■ Instructions to follow
Could you output the listing that follows exactly, without its images?

■ Exercise materials
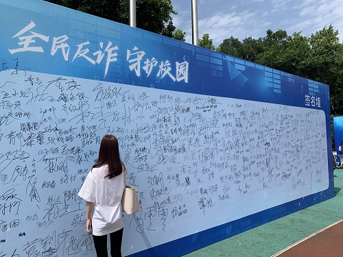 虽然烈日炎炎,但党员同志的防骗防诈热情不减。学院全体参加党员提前在综合楼路口集合,共同前往活动现场。到达重庆城市管理职业学院后,带队老师首先在签到处签到,并给同学们简单介绍了整个启动仪式的流程。接着,师生们依次在“全民反诈 守护校园”签名墙上签字,表达自己的反骗反诈决心。随后在指定位置落座,观看启动仪式。
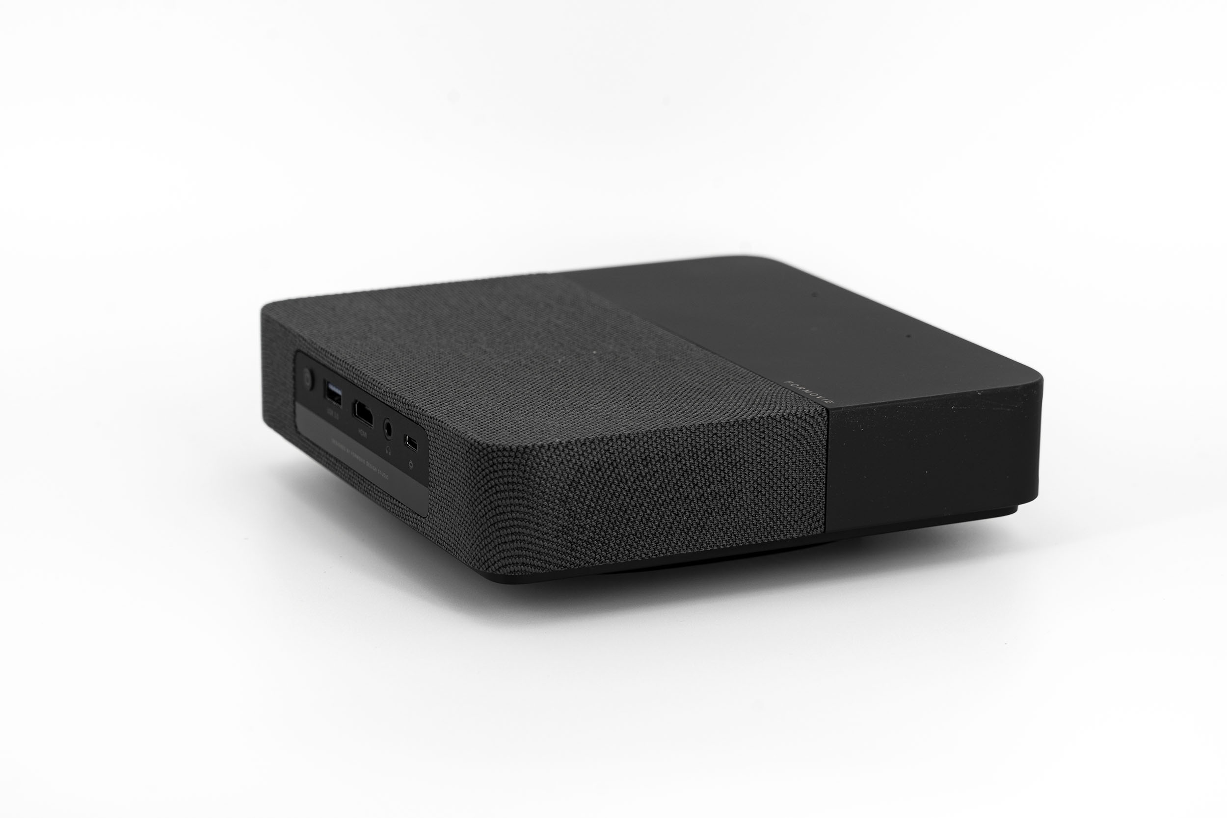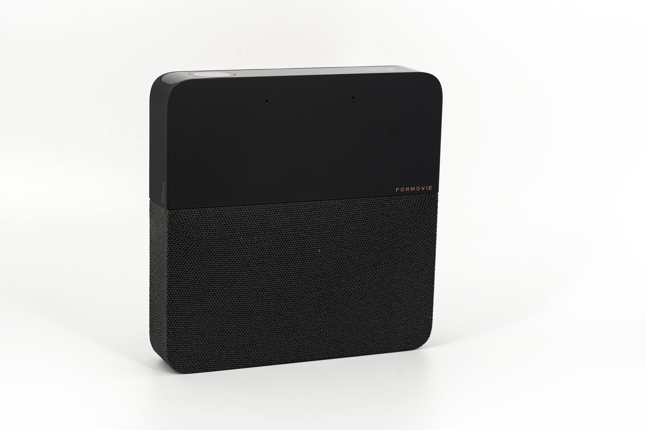 Il n'y a aucun bouton sur les côtés, le projecteur utilise deux types de matières, il y a d'abord un plastique noire pour la partie avant et l'arrière est recouvert d'un tissu pour lui donner un aspect un peu plus premium. Ce tissu n'a sans doute pas d'autres utilité car le son sort par le dessous du projecteur là où le tissue est souvent utilisé pour cacher les enceintes sur d'autres projecteurs. Formovie a choisi Denon pour ses enceintes et vous allez voir ou plus entendre ce que ça donne plus loin dans le test.
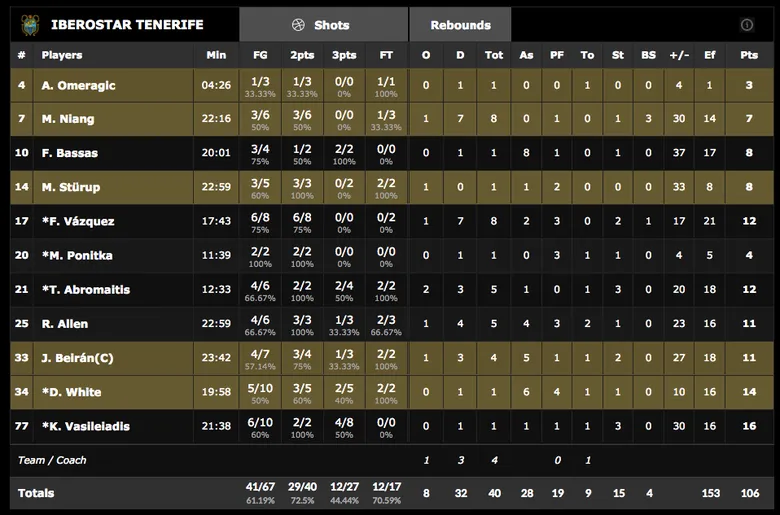 - Todos felices. A pesar de las bajas del Iberostar, el equipo no echó en falta a nadie y consiguió que todo aquel que pisase la cancha consiguiera anotar, incluso los no habituales como Omeragic o Mads Bonde. 6 jugadores visitantes pasaban la cifra de los 10 puntos anotados y además ninguno superaría los 24 minutos disputados.
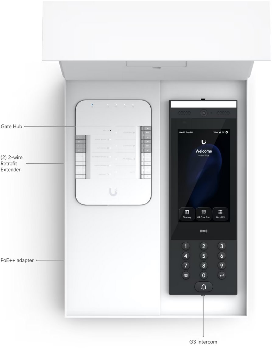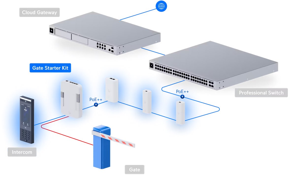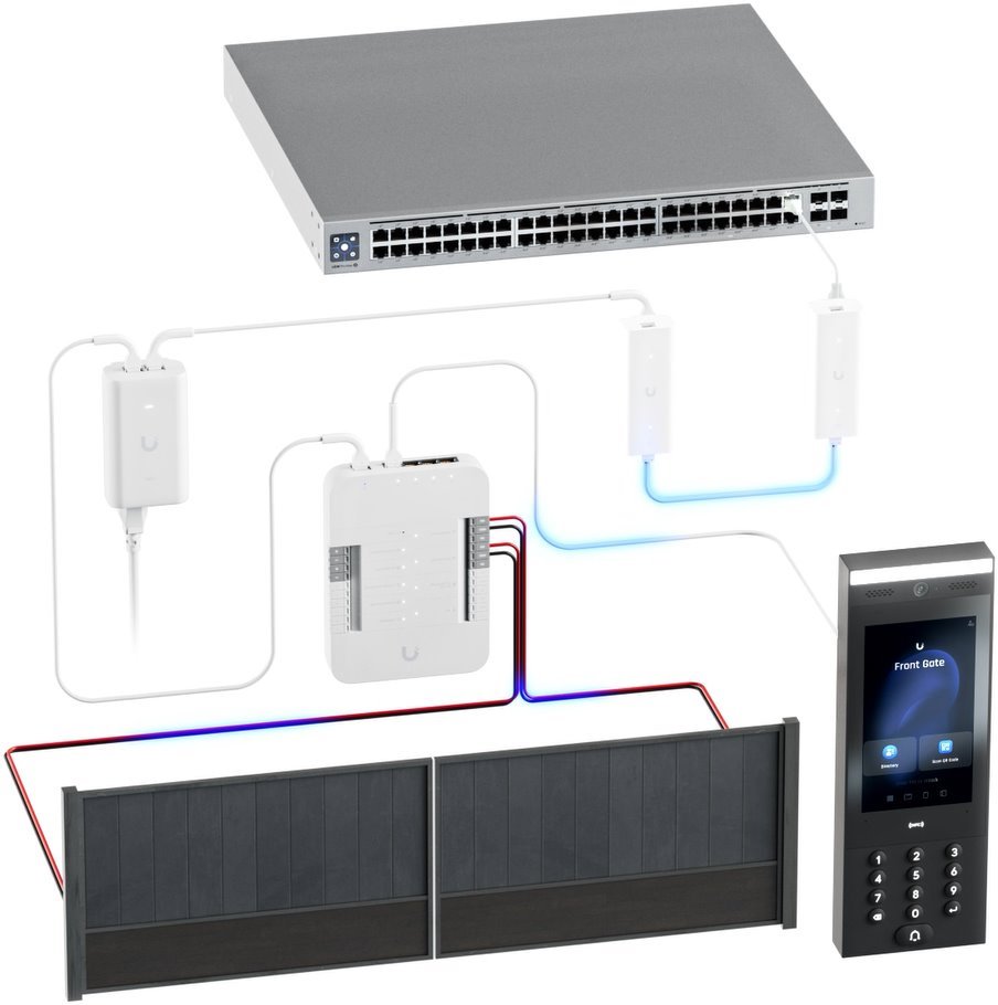 Startovací sada nabízí inteligentní kontrolér UA-Hub-Gate, moderní interkom UA-G3 s kamerou a napájecí příslušenství pro pohodlnou instalaci bez nutnosti nové kabeláže. Díky PoE++ adaptéru a 2-Wire extenderům lze snadno využít stávající infrastrukturu. Celý systém podporuje přístup pomocí funkce Touch Pass, což zajišťuje bezpečné a pohodlné ovládání vstupu jedné brány v rezidenčním i komerčním prostředí.
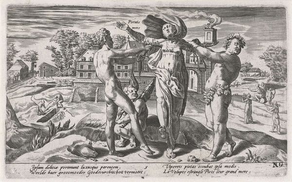 Curator: Look at this engraving, "De baljuw probeert de koe van de boer te kopen" by Bartholomeus Willemsz. Dolendo, dating back to 1613. It's currently housed in the Rijksmuseum. Editor: It’s… well, visually busy. Lots of characters crammed in. The stark contrast and fine lines of the engraving emphasize a kind of raw energy, almost frantic. There’s something unsettling about the scene. Curator: Absolutely. As a print, an engraving, its creation inherently involved a complex network of production. Dolendo, though his name is attached, likely worked within a larger workshop system. This print then circulated, becoming a commodity itself. Think about who had access to these images. What did its widespread availability signify about Dutch society? Editor: So you're placing it within the context of its material conditions. I see it primarily as a stage for a certain drama. Look at the composition. The baljuw, that imposing figure in the feathered hat, occupies the right, with his gesturing hand pulling us in. Then the farmer, on the left, recoils, desperately holding a container over his shoulder. The light focuses sharply on them, staging the moment of confrontation. The cow relegated further back— it is, literally and figuratively, secondary. Curator: Right. And consider how the labor involved in agriculture, in maintaining livestock, gets flattened here. The print highlights the sheriff’s attempt to extract wealth, representing power dynamics and economic realities of the time. Engravings were often moralizing; this speaks to broader discussions of social justice. Editor: I appreciate that contextualization. For me though, it comes down to visual rhetoric. Notice how Dolendo uses cross-hatching to model the figures’ forms. The baljuw and his lackeys contrast sharply against the farmer and his family, in both dress and demeanor. Dolendo employs specific artistic conventions to highlight injustice through form. Curator: It shows how art wasn't this rarefied "creation ex nihilo," but intertwined with craft, social relations, the economics of art. Who produced the paper, the ink? What skills did the engraver need? Editor: Perhaps both. The power lies in the image, its forms capable of sparking debate—visual tools revealing historical dynamics that endure beyond their creation.
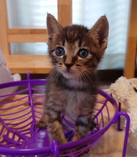 ◆性格や特徴個人で猫の保護活動をしています。(野良猫の子で飼い主さんがいないことは確認済)TNRの現場で産まれた5兄妹の中の1匹です。民家の物置で産まれしばらくは母猫が育てていたのですが、ある日母猫が姿を消してしまいました。9/8に生後1週間くらいで保護し、人工哺乳で育てました。キジトラ柄の女の子。おしっぽは幸運のカギしっぽ!人が育てたのでとても甘えん坊です。現在(2025.10.5)生後1ヶ月くらい。まだ小さいので生後2ヶ月を過ぎ最初のワクチンを打ってからのお渡しになります。◆健康状態ノミダニ駆虫済み便検査異常なし今(2025.10.5現在)離乳食に切り替え中です。食欲もとてもあり元気です!◆その他静岡県浜松市からの募集になります。静岡県西部の方希望。まずは、お見合いに見えていただき、直接お話しをさせていただきます。成立した場合は、後日ご自宅まで直接お届け致します。兄妹で募集しております。兄妹複数匹でお迎えしていただける方を優先させていただきます。子猫の譲渡に関する条件です。最後までお読みいただき、ご検討ください。●完全室内飼い●避妊去勢手術の実施●ワクチン等の健康管理●終生飼養●脱走防止対策以上を必ずお約束いただける方。尚、●未成年の方●学生の方●後見人のいない60歳以上の方のご応募はご遠慮ください。●一人暮らしの方●未婚のカップルの方はご相談ください。以下のアンケートにお答えいただき、メッセージをお願いします。◆猫の飼育経験◆同居のペットの有無◆お住まい(1戸建て持家、マンション、賃貸住宅の場合はペット可が規約等に明記されていることが条件です)◆お住いの地域(何県何市までお願いします)◆家族構成と年齢層◆猫のお留守番時間◆ご職業◆猫をお迎えしたい理由
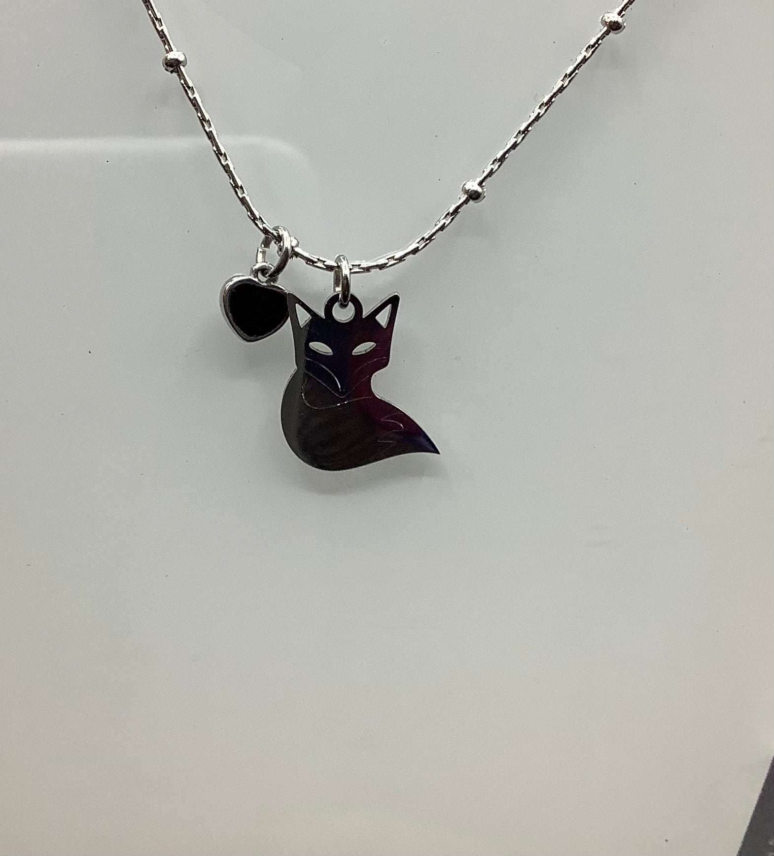 Collana con 2 charms..1 sagoma di volpe cm 1,5…1 cuoricino smaltato cm 0,50…Lunghezza cm 40 + cm 5 dí allungamento…Acciaio inossidabile…Hand Made ❤️
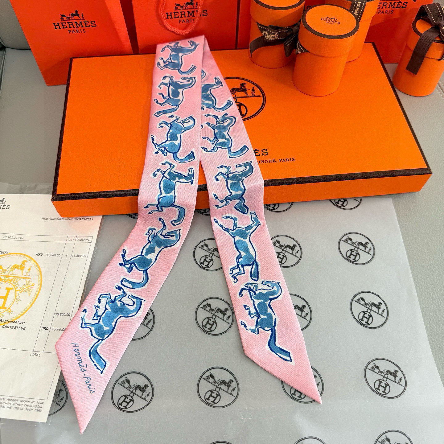 - Unique Design: The playful yet refined design of jumping horses sets the twilly apart from other accessories. Its distinctive pattern reflects Hermès' commitment to artistry and creativity.
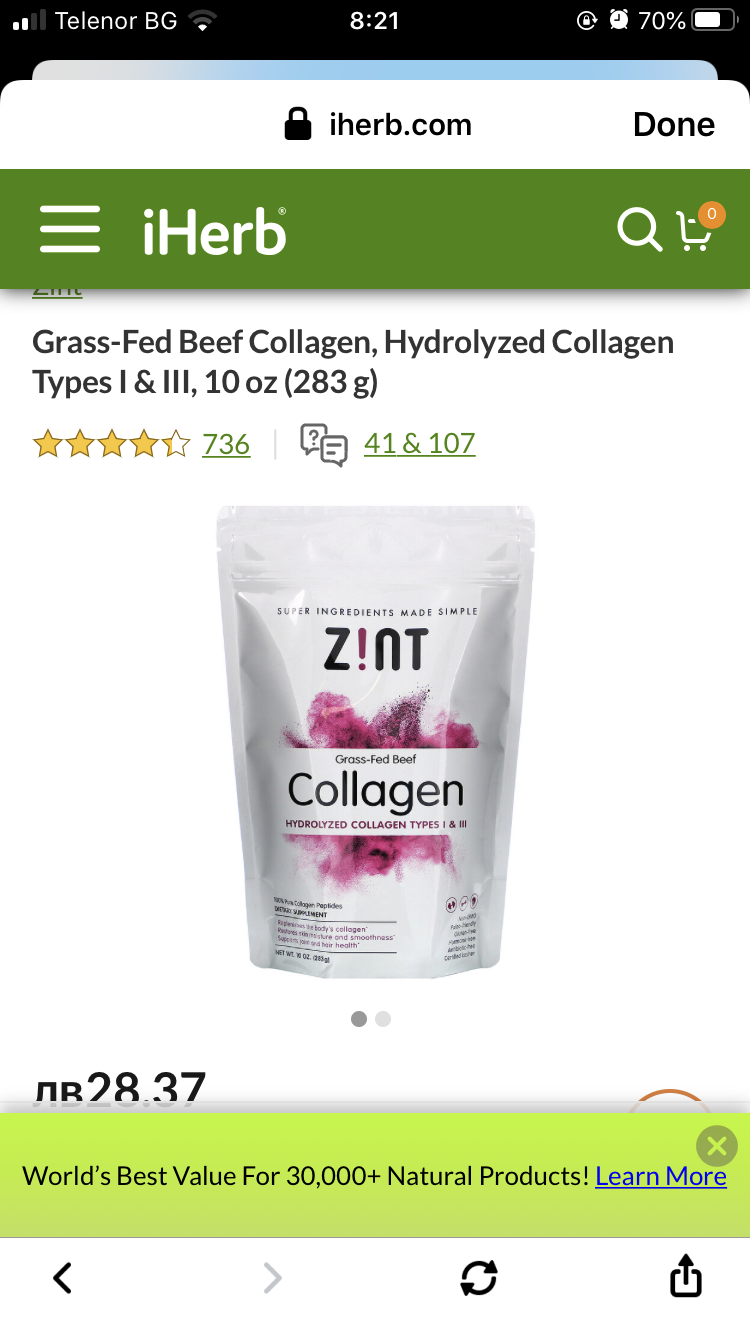 В момента точно не пия, защото ми свърши и пак ще си поръчам. Ето такъв ми беше препоръчала Денис в темата за iherb, производителят е потвърдил, че става за бременни. Иначе вчера точно ядохме супа с телешки костен бульон, пак е много хубав вариант за набавяне на колаген. Продава се в буркани на места и по фермерските пазари. Ние в случая си направихме сами, но сме и купували.
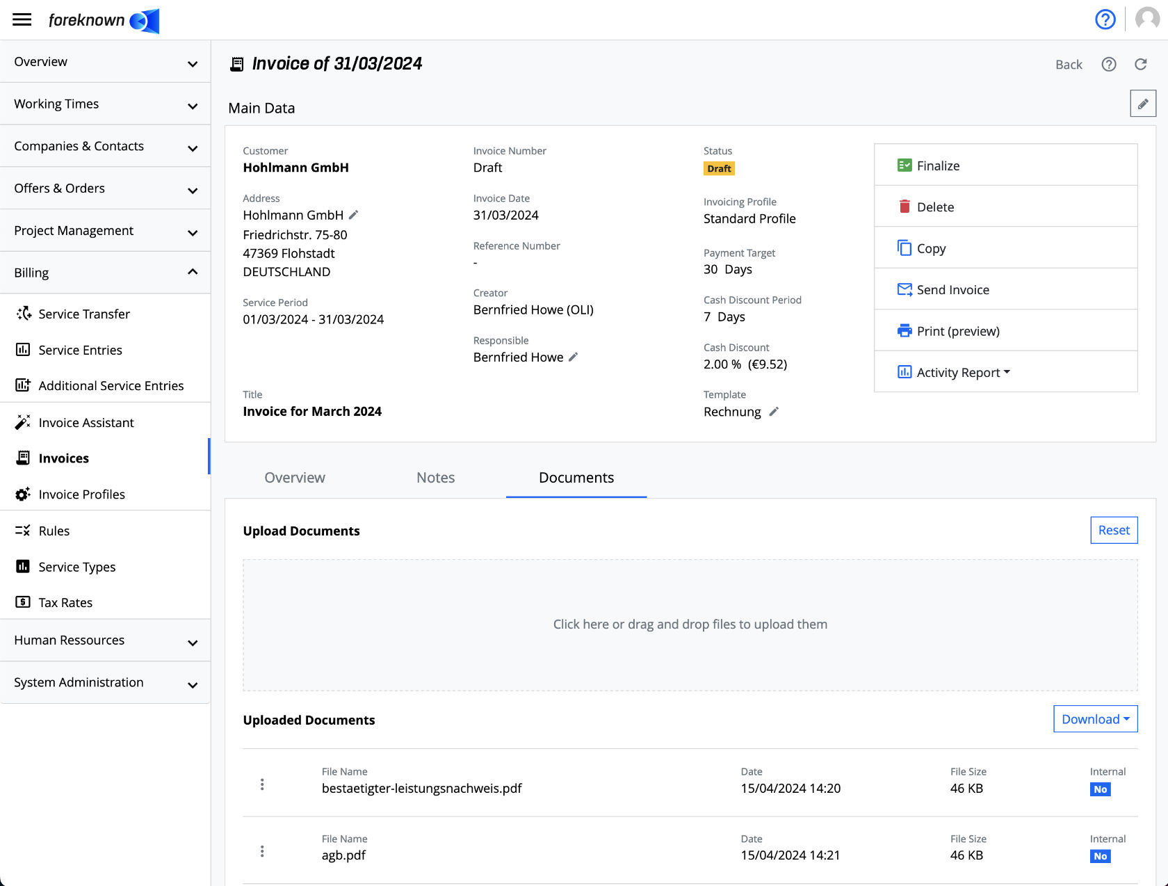 As soon as an invoice is finalized, foreknown also creates the final PDF document with the invoice data.
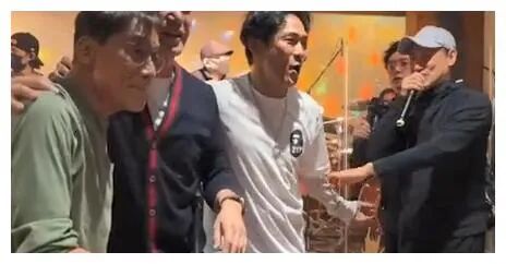 在派对上,钟镇涛和梁家辉还在台上演唱,将氛围推向高潮。这一幕让现场的气氛变得欢快热烈,仿佛时光倒流,将大家带回到充满音乐和欢笑的时刻。
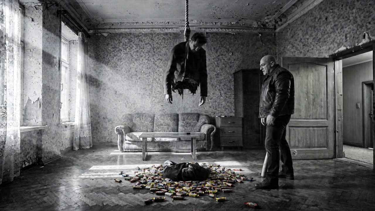 «shot1_pinata_corpse_open_door.jpg — дверь открыта, труп висит. Понимаешь, что дальше?»

■ Exercise answer
 虽然烈日炎炎,但党员同志的防骗防诈热情不减。学院全体参加党员提前在综合楼路口集合,共同前往活动现场。到达重庆城市管理职业学院后,带队老师首先在签到处签到,并给同学们简单介绍了整个启动仪式的流程。接着,师生们依次在“全民反诈 守护校园”签名墙上签字,表达自己的反骗反诈决心。随后在指定位置落座,观看启动仪式。
 Il n'y a aucun bouton sur les côtés, le projecteur utilise deux types de matières, il y a d'abord un plastique noire pour la partie avant et l'arrière est recouvert d'un tissu pour lui donner un aspect un peu plus premium. Ce tissu n'a sans doute pas d'autres utilité car le son sort par le dessous du projecteur là où le tissue est souvent utilisé pour cacher les enceintes sur d'autres projecteurs. Formovie a choisi Denon pour ses enceintes et vous allez voir ou plus entendre ce que ça donne plus loin dans le test.
 - Todos felices. A pesar de las bajas del Iberostar, el equipo no echó en falta a nadie y consiguió que todo aquel que pisase la cancha consiguiera anotar, incluso los no habituales como Omeragic o Mads Bonde. 6 jugadores visitantes pasaban la cifra de los 10 puntos anotados y además ninguno superaría los 24 minutos disputados.
 Startovací sada nabízí inteligentní kontrolér UA-Hub-Gate, moderní interkom UA-G3 s kamerou a napájecí příslušenství pro pohodlnou instalaci bez nutnosti nové kabeláže. Díky PoE++ adaptéru a 2-Wire extenderům lze snadno využít stávající infrastrukturu. Celý systém podporuje přístup pomocí funkce Touch Pass, což zajišťuje bezpečné a pohodlné ovládání vstupu jedné brány v rezidenčním i komerčním prostředí.
 Curator: Look at this engraving, "De baljuw probeert de koe van de boer te kopen" by Bartholomeus Willemsz. Dolendo, dating back to 1613. It's currently housed in the Rijksmuseum. Editor: It’s… well, visually busy. Lots of characters crammed in. The stark contrast and fine lines of the engraving emphasize a kind of raw energy, almost frantic. There’s something unsettling about the scene. Curator: Absolutely. As a print, an engraving, its creation inherently involved a complex network of production. Dolendo, though his name is attached, likely worked within a larger workshop system. This print then circulated, becoming a commodity itself. Think about who had access to these images. What did its widespread availability signify about Dutch society? Editor: So you're placing it within the context of its material conditions. I see it primarily as a stage for a certain drama. Look at the composition. The baljuw, that imposing figure in the feathered hat, occupies the right, with his gesturing hand pulling us in. Then the farmer, on the left, recoils, desperately holding a container over his shoulder. The light focuses sharply on them, staging the moment of confrontation. The cow relegated further back— it is, literally and figuratively, secondary. Curator: Right. And consider how the labor involved in agriculture, in maintaining livestock, gets flattened here. The print highlights the sheriff’s attempt to extract wealth, representing power dynamics and economic realities of the time. Engravings were often moralizing; this speaks to broader discussions of social justice. Editor: I appreciate that contextualization. For me though, it comes down to visual rhetoric. Notice how Dolendo uses cross-hatching to model the figures’ forms. The baljuw and his lackeys contrast sharply against the farmer and his family, in both dress and demeanor. Dolendo employs specific artistic conventions to highlight injustice through form. Curator: It shows how art wasn't this rarefied "creation ex nihilo," but intertwined with craft, social relations, the economics of art. Who produced the paper, the ink? What skills did the engraver need? Editor: Perhaps both. The power lies in the image, its forms capable of sparking debate—visual tools revealing historical dynamics that endure beyond their creation.
 ◆性格や特徴個人で猫の保護活動をしています。(野良猫の子で飼い主さんがいないことは確認済)TNRの現場で産まれた5兄妹の中の1匹です。民家の物置で産まれしばらくは母猫が育てていたのですが、ある日母猫が姿を消してしまいました。9/8に生後1週間くらいで保護し、人工哺乳で育てました。キジトラ柄の女の子。おしっぽは幸運のカギしっぽ!人が育てたのでとても甘えん坊です。現在(2025.10.5)生後1ヶ月くらい。まだ小さいので生後2ヶ月を過ぎ最初のワクチンを打ってからのお渡しになります。◆健康状態ノミダニ駆虫済み便検査異常なし今(2025.10.5現在)離乳食に切り替え中です。食欲もとてもあり元気です!◆その他静岡県浜松市からの募集になります。静岡県西部の方希望。まずは、お見合いに見えていただき、直接お話しをさせていただきます。成立した場合は、後日ご自宅まで直接お届け致します。兄妹で募集しております。兄妹複数匹でお迎えしていただける方を優先させていただきます。子猫の譲渡に関する条件です。最後までお読みいただき、ご検討ください。●完全室内飼い●避妊去勢手術の実施●ワクチン等の健康管理●終生飼養●脱走防止対策以上を必ずお約束いただける方。尚、●未成年の方●学生の方●後見人のいない60歳以上の方のご応募はご遠慮ください。●一人暮らしの方●未婚のカップルの方はご相談ください。以下のアンケートにお答えいただき、メッセージをお願いします。◆猫の飼育経験◆同居のペットの有無◆お住まい(1戸建て持家、マンション、賃貸住宅の場合はペット可が規約等に明記されていることが条件です)◆お住いの地域(何県何市までお願いします)◆家族構成と年齢層◆猫のお留守番時間◆ご職業◆猫をお迎えしたい理由
 Collana con 2 charms..1 sagoma di volpe cm 1,5…1 cuoricino smaltato cm 0,50…Lunghezza cm 40 + cm 5 dí allungamento…Acciaio inossidabile…Hand Made ❤️
 - Unique Design: The playful yet refined design of jumping horses sets the twilly apart from other accessories. Its distinctive pattern reflects Hermès' commitment to artistry and creativity.
 В момента точно не пия, защото ми свърши и пак ще си поръчам. Ето такъв ми беше препоръчала Денис в темата за iherb, производителят е потвърдил, че става за бременни. Иначе вчера точно ядохме супа с телешки костен бульон, пак е много хубав вариант за набавяне на колаген. Продава се в буркани на места и по фермерските пазари. Ние в случая си направихме сами, но сме и купували.
 As soon as an invoice is finalized, foreknown also creates the final PDF document with the invoice data.
 在派对上,钟镇涛和梁家辉还在台上演唱,将氛围推向高潮。这一幕让现场的气氛变得欢快热烈,仿佛时光倒流,将大家带回到充满音乐和欢笑的时刻。
 «shot1_pinata_corpse_open_door.jpg — дверь открыта, труп висит. Понимаешь, что дальше?»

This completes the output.